══ Given information ══

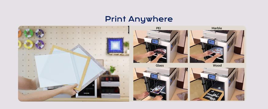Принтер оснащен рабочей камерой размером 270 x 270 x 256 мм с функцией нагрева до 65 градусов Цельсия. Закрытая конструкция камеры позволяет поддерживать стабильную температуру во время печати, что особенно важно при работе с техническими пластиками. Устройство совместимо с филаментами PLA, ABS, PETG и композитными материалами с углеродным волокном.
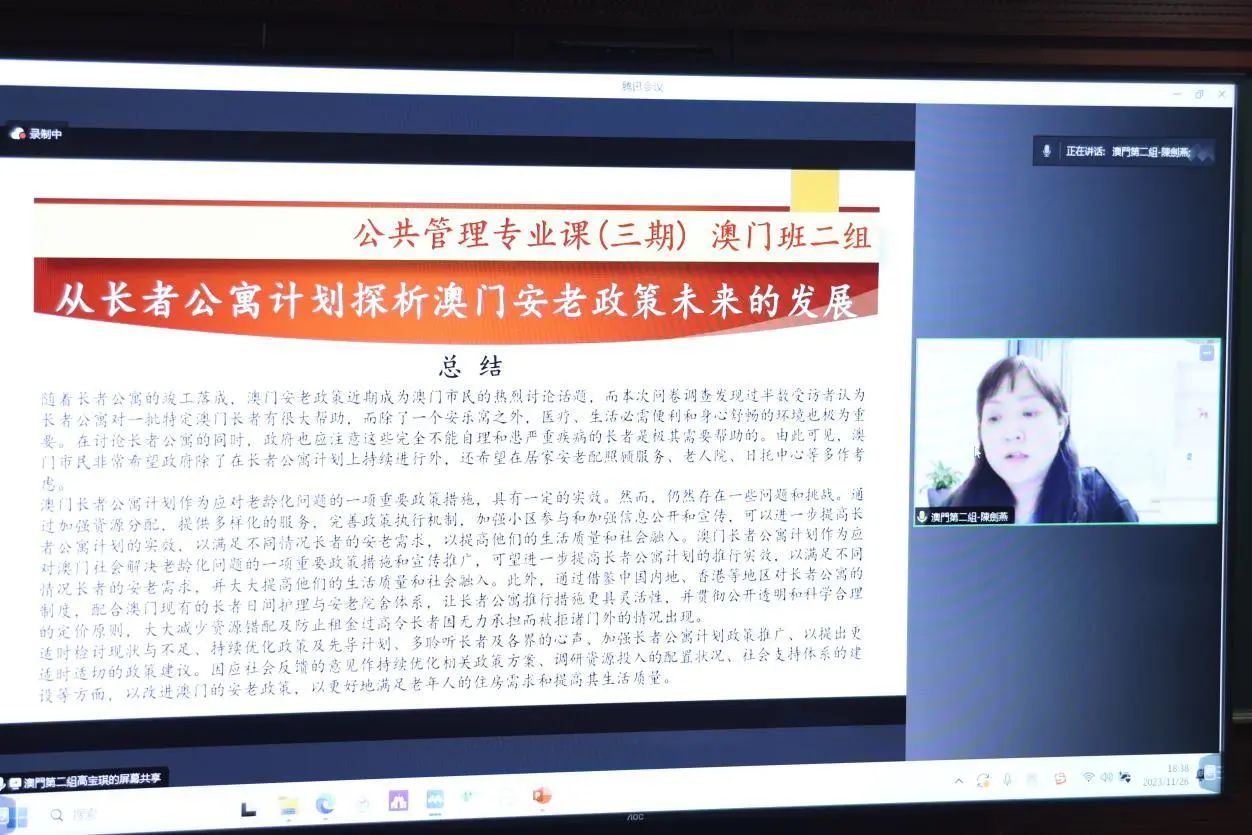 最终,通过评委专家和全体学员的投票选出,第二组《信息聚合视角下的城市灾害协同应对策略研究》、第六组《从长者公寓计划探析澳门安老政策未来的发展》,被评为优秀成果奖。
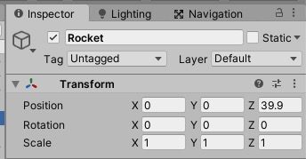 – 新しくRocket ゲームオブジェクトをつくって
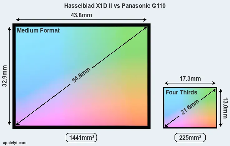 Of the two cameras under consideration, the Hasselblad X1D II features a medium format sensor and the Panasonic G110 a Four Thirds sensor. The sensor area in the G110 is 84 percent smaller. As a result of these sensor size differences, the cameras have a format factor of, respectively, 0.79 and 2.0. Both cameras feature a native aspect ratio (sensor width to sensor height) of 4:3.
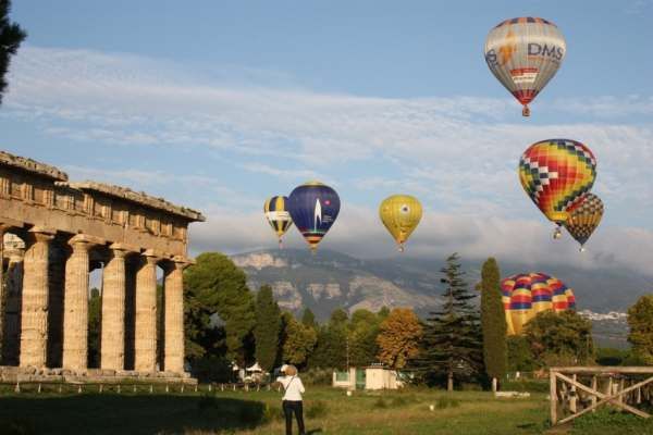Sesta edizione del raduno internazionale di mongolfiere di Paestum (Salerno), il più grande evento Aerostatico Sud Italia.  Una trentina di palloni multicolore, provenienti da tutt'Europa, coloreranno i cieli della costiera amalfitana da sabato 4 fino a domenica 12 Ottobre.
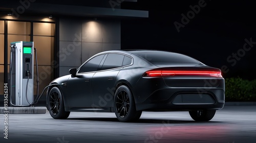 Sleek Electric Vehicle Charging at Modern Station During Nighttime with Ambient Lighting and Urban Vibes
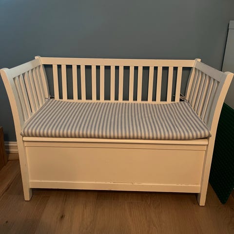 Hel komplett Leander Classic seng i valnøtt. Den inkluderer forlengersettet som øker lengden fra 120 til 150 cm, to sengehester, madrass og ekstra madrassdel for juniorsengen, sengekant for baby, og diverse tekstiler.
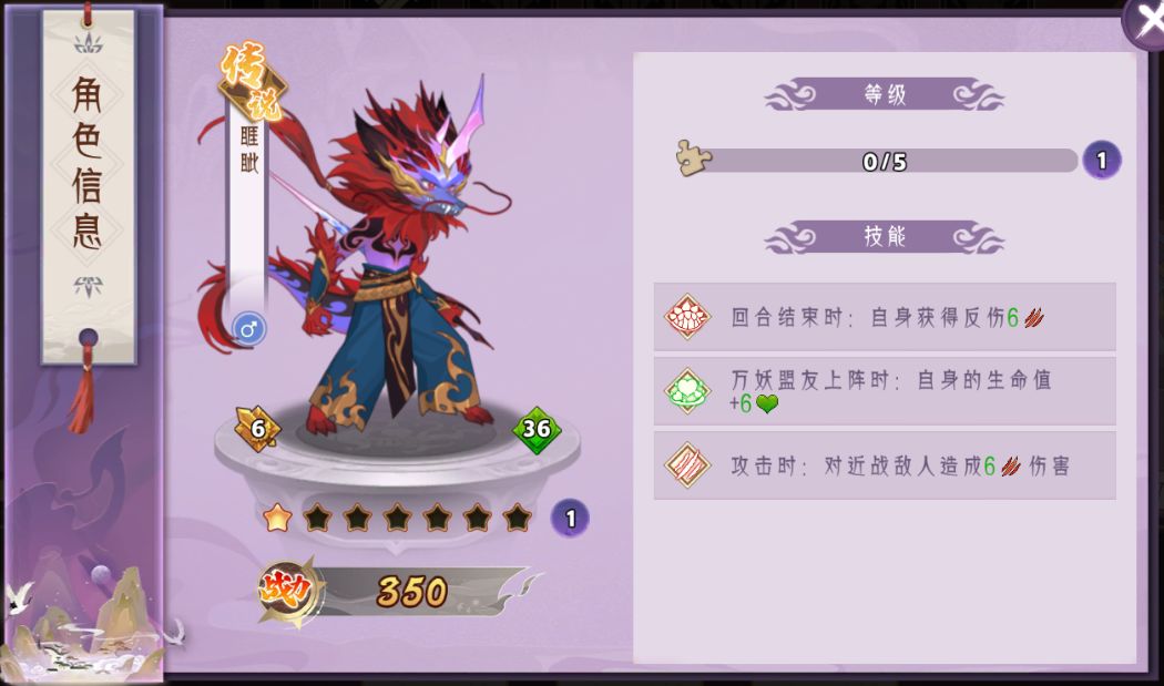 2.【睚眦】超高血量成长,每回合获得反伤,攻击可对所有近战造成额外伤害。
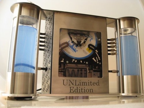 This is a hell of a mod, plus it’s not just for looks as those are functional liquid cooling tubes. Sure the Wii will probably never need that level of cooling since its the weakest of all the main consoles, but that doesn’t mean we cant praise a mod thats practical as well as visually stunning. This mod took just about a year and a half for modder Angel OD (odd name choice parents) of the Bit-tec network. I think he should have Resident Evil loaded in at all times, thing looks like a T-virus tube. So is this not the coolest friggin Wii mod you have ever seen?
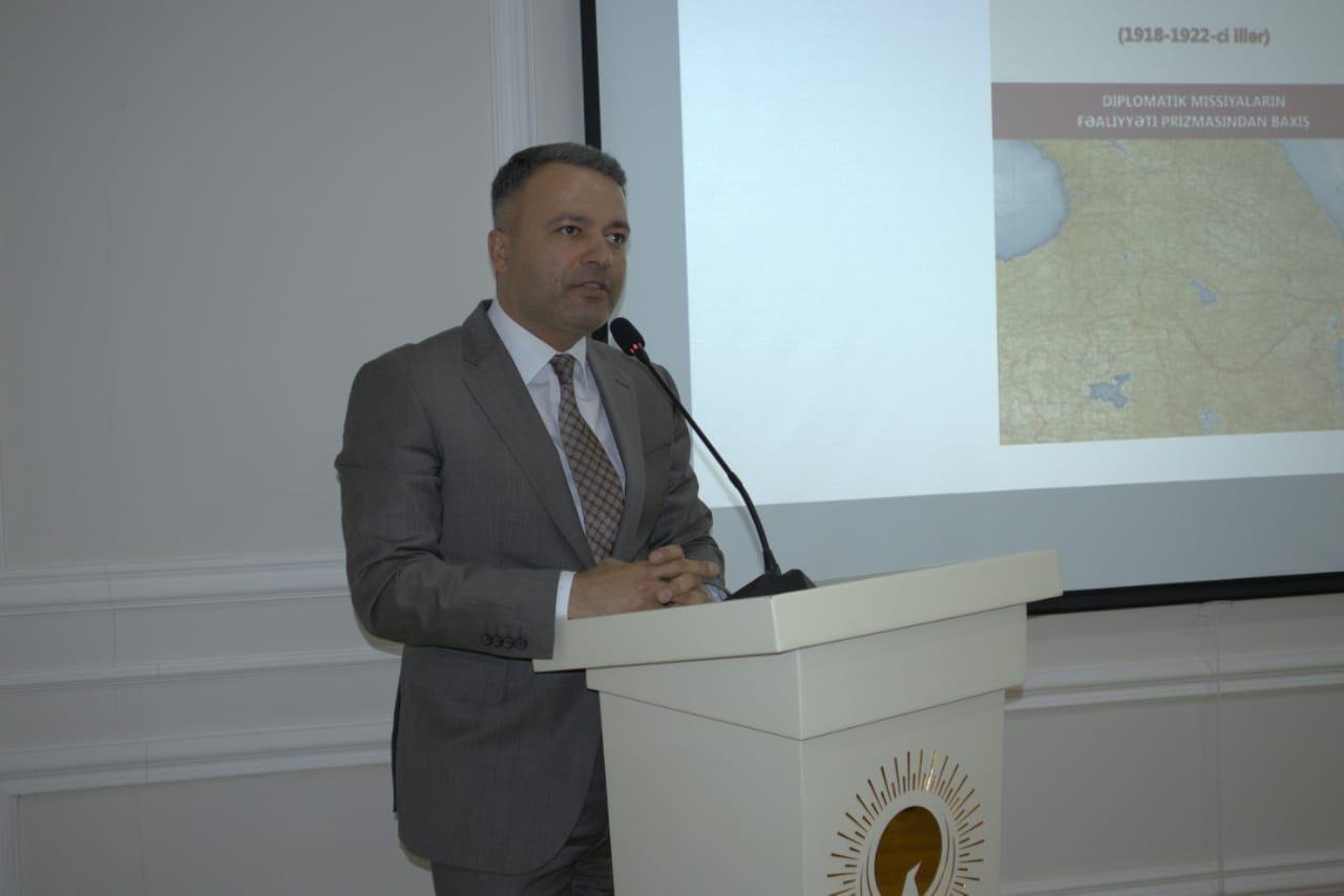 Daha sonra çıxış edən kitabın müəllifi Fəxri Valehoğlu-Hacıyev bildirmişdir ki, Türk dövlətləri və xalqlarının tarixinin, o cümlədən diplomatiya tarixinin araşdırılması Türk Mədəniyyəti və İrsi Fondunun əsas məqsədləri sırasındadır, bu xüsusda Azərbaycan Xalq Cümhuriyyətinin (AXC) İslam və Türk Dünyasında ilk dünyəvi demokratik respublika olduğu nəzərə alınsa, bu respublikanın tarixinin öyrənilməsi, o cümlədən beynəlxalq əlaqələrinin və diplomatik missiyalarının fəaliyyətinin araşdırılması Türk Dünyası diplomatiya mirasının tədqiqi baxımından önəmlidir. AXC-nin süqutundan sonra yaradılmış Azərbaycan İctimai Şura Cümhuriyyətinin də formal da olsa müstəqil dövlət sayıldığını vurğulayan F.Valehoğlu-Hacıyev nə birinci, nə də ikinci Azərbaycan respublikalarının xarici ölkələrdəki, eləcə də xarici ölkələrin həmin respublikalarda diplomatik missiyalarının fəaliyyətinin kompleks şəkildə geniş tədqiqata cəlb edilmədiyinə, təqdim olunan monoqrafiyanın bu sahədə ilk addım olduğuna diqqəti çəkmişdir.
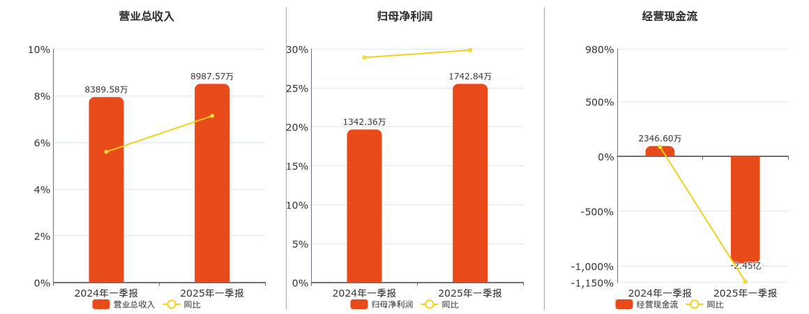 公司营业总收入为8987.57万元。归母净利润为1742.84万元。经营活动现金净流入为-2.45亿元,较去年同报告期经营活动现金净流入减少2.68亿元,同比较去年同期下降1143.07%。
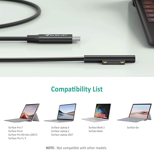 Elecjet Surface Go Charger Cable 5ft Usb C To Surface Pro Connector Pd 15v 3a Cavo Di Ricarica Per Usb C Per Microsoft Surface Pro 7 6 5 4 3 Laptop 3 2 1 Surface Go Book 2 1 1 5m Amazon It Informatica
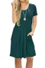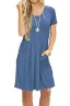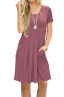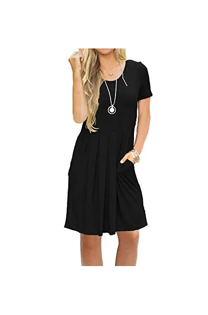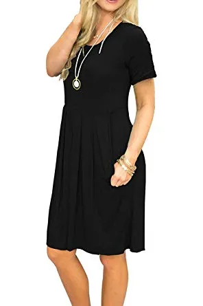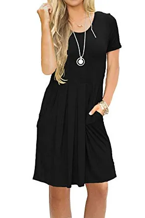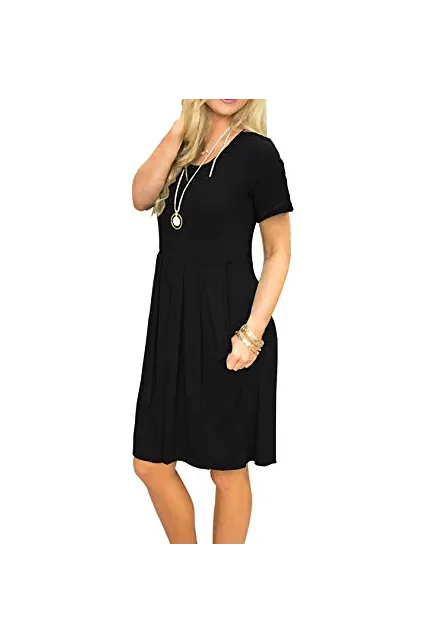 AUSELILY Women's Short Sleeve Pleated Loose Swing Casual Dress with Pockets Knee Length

═══

Print exactly the lines running from the start of the entries above to the line with "Sleek Electric Vehicle", both included; leave out any pictures.

Принтер оснащен рабочей камерой размером 270 x 270 x 256 мм с функцией нагрева до 65 градусов Цельсия. Закрытая конструкция камеры позволяет поддерживать стабильную температуру во время печати, что особенно важно при работе с техническими пластиками. Устройство совместимо с филаментами PLA, ABS, PETG и композитными материалами с углеродным волокном.
 最终,通过评委专家和全体学员的投票选出,第二组《信息聚合视角下的城市灾害协同应对策略研究》、第六组《从长者公寓计划探析澳门安老政策未来的发展》,被评为优秀成果奖。
 – 新しくRocket ゲームオブジェクトをつくって
 Of the two cameras under consideration, the Hasselblad X1D II features a medium format sensor and the Panasonic G110 a Four Thirds sensor. The sensor area in the G110 is 84 percent smaller. As a result of these sensor size differences, the cameras have a format factor of, respectively, 0.79 and 2.0. Both cameras feature a native aspect ratio (sensor width to sensor height) of 4:3.
Sesta edizione del raduno internazionale di mongolfiere di Paestum (Salerno), il più grande evento Aerostatico Sud Italia.  Una trentina di palloni multicolore, provenienti da tutt'Europa, coloreranno i cieli della costiera amalfitana da sabato 4 fino a domenica 12 Ottobre.
 Sleek Electric Vehicle Charging at Modern Station During Nighttime with Ambient Lighting and Urban Vibes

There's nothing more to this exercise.